Trains Carrying Oil Keep Exploding, but Will the Energy Lobby Allow More Regulation?
Freight trains are the little engine that could of the transportation industry -- really janky-looking and slow, but resolutely refusing to die. In fact, the freight train industry is doing better than ever in states sitting on top of shale, enjoying a massive increase in business thanks to fracking. There are over 10,000 miles of railroad tracks across Texas, more than any other state, and the tracks are carrying more and more tanks of crude oil every day. The state-owned South Orient Rail line saw a 2,214 percent increase in crude oil car shipments between 2011 and 2012.
One minor hiccup: The trains keep exploding.
The latest near-disaster happened on December 30, courtesy of Fort Worth-based Burlington Northern Santa Fe Railway Company. A BNSF train carrying grain collided with a mile-long BNSF train carrying crude oil. The oil train derailed and a massive fire followed. Nearby, in Caddelton, North Dakota, more than 2,000 residents were told to evacuate. No one was hurt.
BNSF declined to comment, citing a federal investigation. Shortly before the accident BNSF's executive chairman bragged to the Dallas Business Journal that the company expects to be hauling 1 million barrels of crude oil per day by the end of 2014. It's already hauling 750,000 barrels, with stops at the Bakken formation in North Dakota and the Permian Basin in West Texas.
The recent derailment follows a few other fiery crashes that made the news last year. The most devastating one happened in July, when an unattended train full of crude oil fell off the tracks, exploding in the Canadian town of Lac-Mégantic. Forty-seven people were killed, and the city's downtown was flattened.

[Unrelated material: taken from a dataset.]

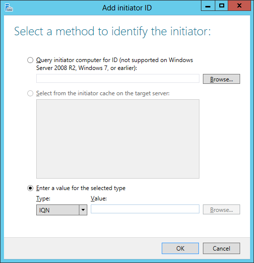 На этом шаге, при добавлении инициатора из Active Directory может возникнуть ошибка "Unable to determine IQN for <FQDN>". В этом случае IQN инициатора можно ввести вручную, выбрав метод Enter a value for the selected type. Например, чтобы узнать IQN инициатора на клиенте в Windows 2012 или Windows 8, следует в панели управления открыть iSCSI Initiator Properties и на вкладке Configuration в поле Initiator Name будет прописан требуемый IQN.

"When an accident happens, the odds of that accident becoming a disaster increase dramatically" on long trains carrying crude oil, says Anthony Swift, an attorney at the National Resources Defense Council.
It's not just environmentalists pushing for extra caution in shipping oil by rail. In November, the Association of American Railroads pressed the U.S. Department of Transportation to improve its tank car regulations. The trade group, which represents the freight train industry, said the majority of tank cars carrying flammable liquids are too old, and asked the transportation department to phase the tank cars out for newer models.
"We believe it's time for a thorough review of the U.S. tank car fleet that moves flammable liquids, particularly considering the recent increase in crude oil traffic," AAR President and CEO Edward R. Hamberger said in a statement at the time.
The Railway Supply Institute Committee on Tank Cars made a similar request of the U.S. Department of Transportation in December.
But regulators dragged their feet, and the industries that own those cars aren't too keen on extra regulation. The tank cars themselves belong to the people who profit off of the flammable stuff, such as the oil industry and the chemical industry. And they've generally been resistant to the idea of retrofitting old cars. (At one recent hearing, Dow Chemical, which spends millions lobbying Congress, reportedly contended that retrofitting its cars was "impractical if not impossible.")
More recently, the oil industry has dismissed the North Dakota crash as the inevitable result of an increase in business. The answer, they said, is to build more oil pipelines.
"Trains need to be a supplement, not a replacement" for pipelines, Michael Whatley, executive vice president of Consumer Energy Alliance, told Bloomberg News in response to the crash.
Yet pipelines, which come with their own safety risks, don't seem to be overtaking railroads in popularity anytime soon.
In October of 2012, Kinder Morgan Energy Partners, the biggest pipeline operator in the country, announced plans to build a 740-mile pipeline from West Texas oil fields to a California refinery. The project never happened. Kinder Morgan canceled it because it turned out that the oil companies that would have used the pipeline were perfectly happy with the train.
Perhaps rail won't be so popular anymore when word gets around that the feds may soon be cracking down on old freight cars. On Wednesday, The Wall Street Journal reported that federal investigators are finally looking into why crude-oil-filled trains keep exploding.